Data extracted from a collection
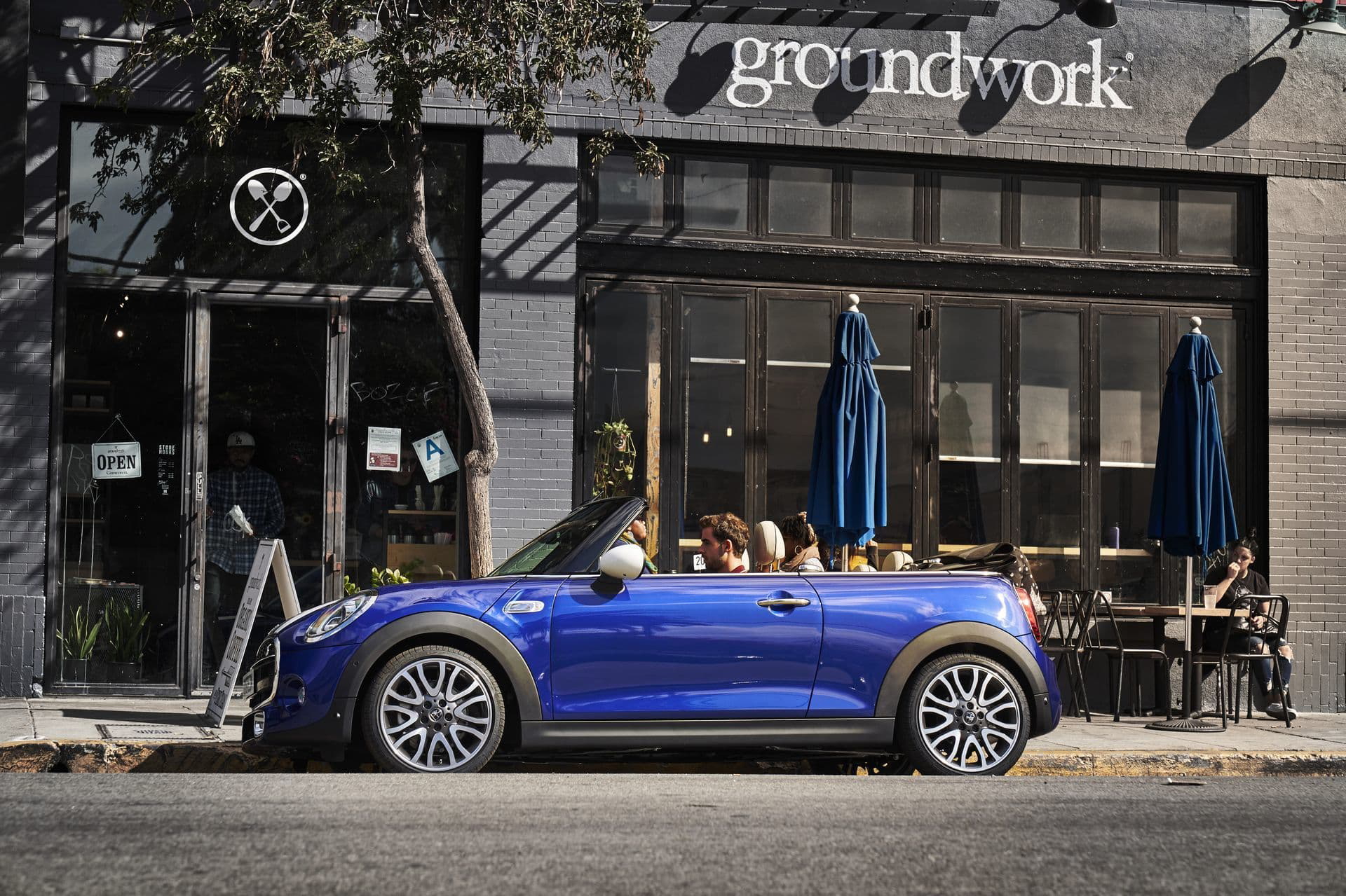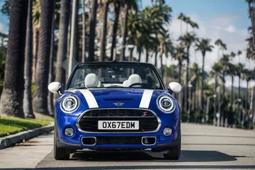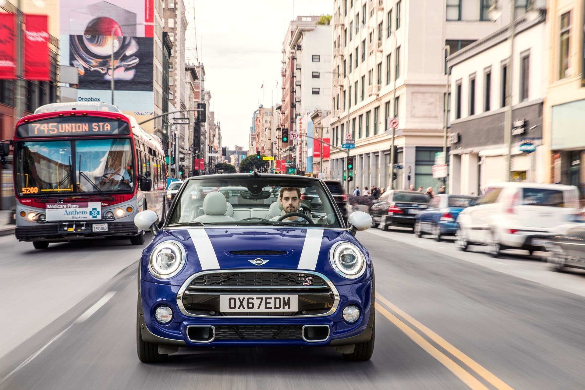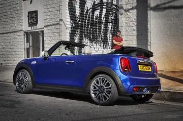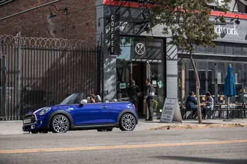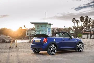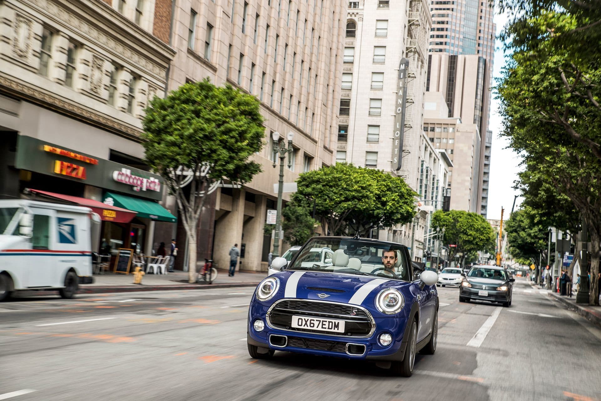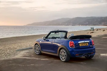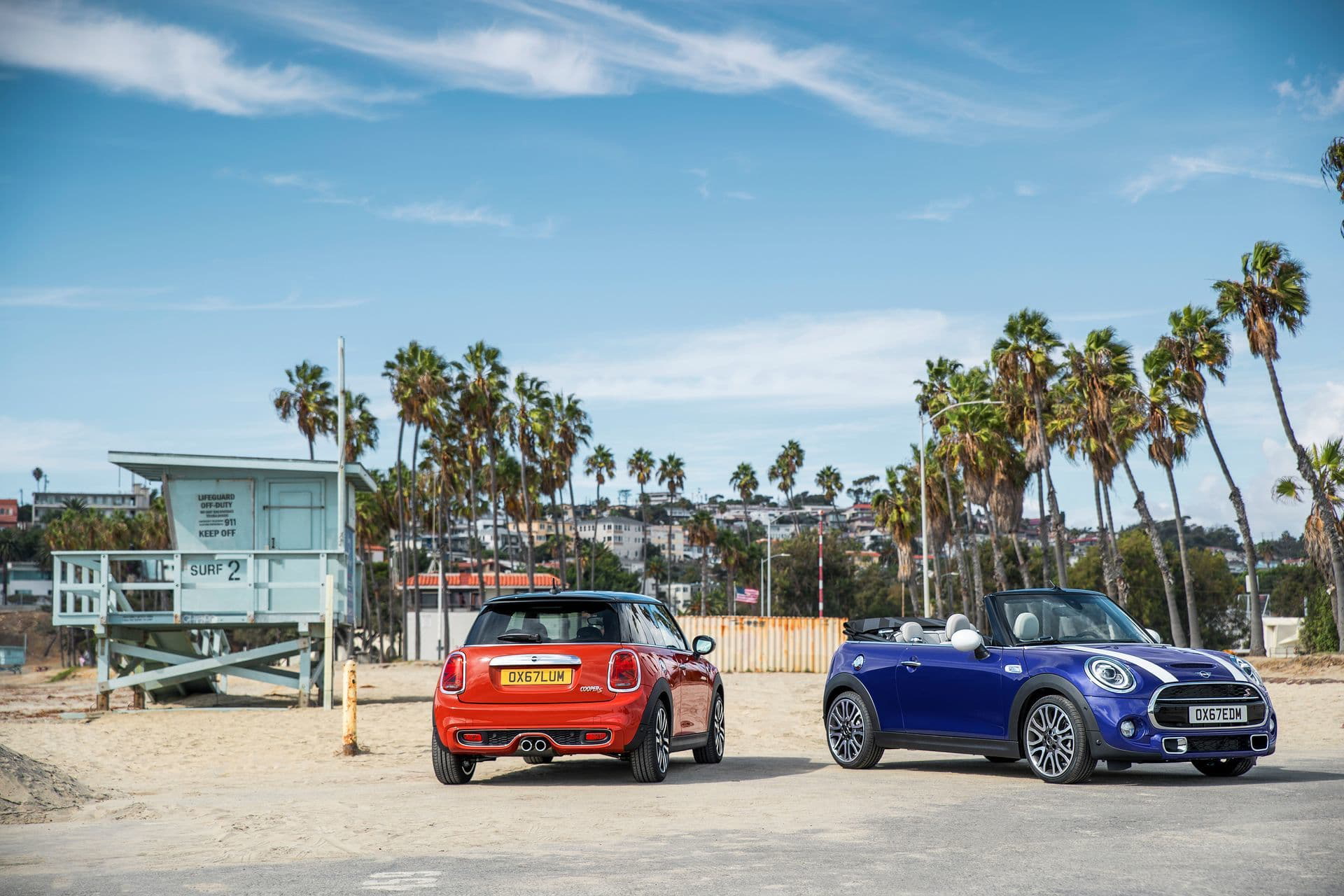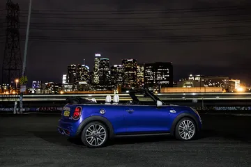 La iluminación diurna sigue siendo cortesía de un aro LED, que rodea la circunferencia de las ópticas al completo. El logotipo de MINI que preside el frontal y las aletas delanteras también ha sido ligeramente modificado – según la marca, ahora es más bidimensional y representa mejor sus valores: la diversión, el diseño, la emoción y la calidad premium. Se estrenan tres nuevas tonalidades para la pintura de estos MINI, llamadas Emerald Grey metalizado, Starlight Blue metalizado – el MINI Cabrio que preside este artículo está pintado en dicho color – y Solaris Orange metalizado.
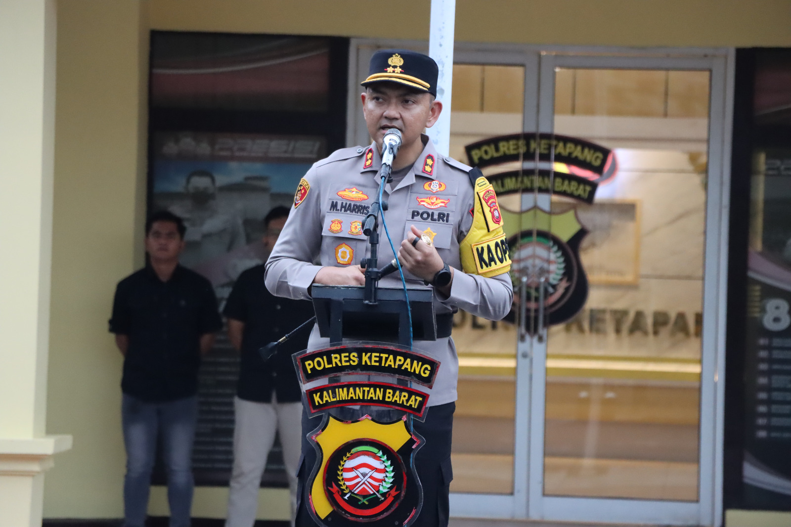 KETAPANG, Polda Kalbar – Kapolres Ketapang AKBP Muhammad Harris, S.H., S.I.K., M.I.K., CPHR memimpin langsung pelaksanaan Apel Pengamanan Malam Tahun Baru 2026 yang digelar di halaman Mapolres Ketapang, Jalan Brigjen Katamso No. 1, Kecamatan Delta Pawan, Kabupaten Ketapang, Rabu (31/12/2025).
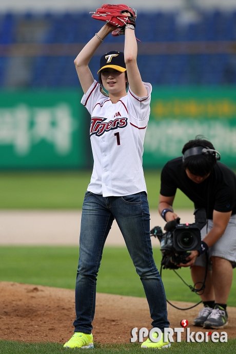`2012 팔도 프로야구` KIA 타이거즈와 LG 트윈스의 경기가 21일 오후 광주 무등야구장에서 열렸다. 경기에 앞서 런던 올림픽 여자양궁 2관왕 기보배가 멋진 시구를 선보이고 있다.
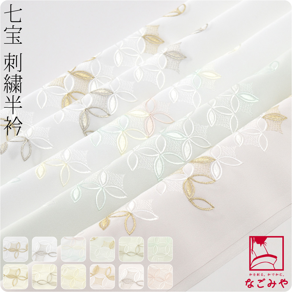 半衿 刺繍 半襟 袷用 日本製 和彩 刺繍カラー半衿 七宝 留袖 振袖 訪問着 色無地用 ポリエステル レディース
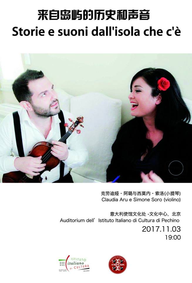 Dopo il viaggio in Giappone del novembre 2016 in cui Claudia Aru e Simone Soro hanno suonato per l’istituto italiano di Osaka, eccoli di nuovo in viaggio questa volta per l’istituto italiano di Pechino e per l’associazione dei sardi in Cina “Amistade”.
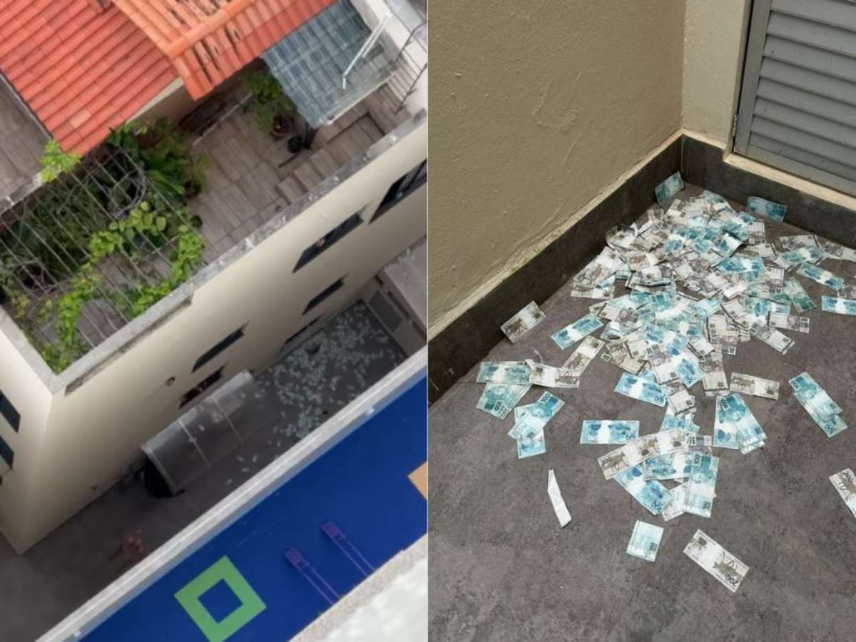 Nas imagens divulgadas pelas autoridades, é possível ver montantes de notas de R$ 100 e R$ 200 espalhados pelo chão do corredor que fica em frente à janela. Pelo vídeo, nota-se que a quantia caiu próxima a uma porta.

Problem requirements: The data must be repeated exactly. Any pictures in it are to be left out.

Reply:
 La iluminación diurna sigue siendo cortesía de un aro LED, que rodea la circunferencia de las ópticas al completo. El logotipo de MINI que preside el frontal y las aletas delanteras también ha sido ligeramente modificado – según la marca, ahora es más bidimensional y representa mejor sus valores: la diversión, el diseño, la emoción y la calidad premium. Se estrenan tres nuevas tonalidades para la pintura de estos MINI, llamadas Emerald Grey metalizado, Starlight Blue metalizado – el MINI Cabrio que preside este artículo está pintado en dicho color – y Solaris Orange metalizado.
 KETAPANG, Polda Kalbar – Kapolres Ketapang AKBP Muhammad Harris, S.H., S.I.K., M.I.K., CPHR memimpin langsung pelaksanaan Apel Pengamanan Malam Tahun Baru 2026 yang digelar di halaman Mapolres Ketapang, Jalan Brigjen Katamso No. 1, Kecamatan Delta Pawan, Kabupaten Ketapang, Rabu (31/12/2025).
`2012 팔도 프로야구` KIA 타이거즈와 LG 트윈스의 경기가 21일 오후 광주 무등야구장에서 열렸다. 경기에 앞서 런던 올림픽 여자양궁 2관왕 기보배가 멋진 시구를 선보이고 있다.
 半衿 刺繍 半襟 袷用 日本製 和彩 刺繍カラー半衿 七宝 留袖 振袖 訪問着 色無地用 ポリエステル レディース
 Dopo il viaggio in Giappone del novembre 2016 in cui Claudia Aru e Simone Soro hanno suonato per l’istituto italiano di Osaka, eccoli di nuovo in viaggio questa volta per l’istituto italiano di Pechino e per l’associazione dei sardi in Cina “Amistade”.
 Nas imagens divulgadas pelas autoridades, é possível ver montantes de notas de R$ 100 e R$ 200 espalhados pelo chão do corredor que fica em frente à janela. Pelo vídeo, nota-se que a quantia caiu próxima a uma porta.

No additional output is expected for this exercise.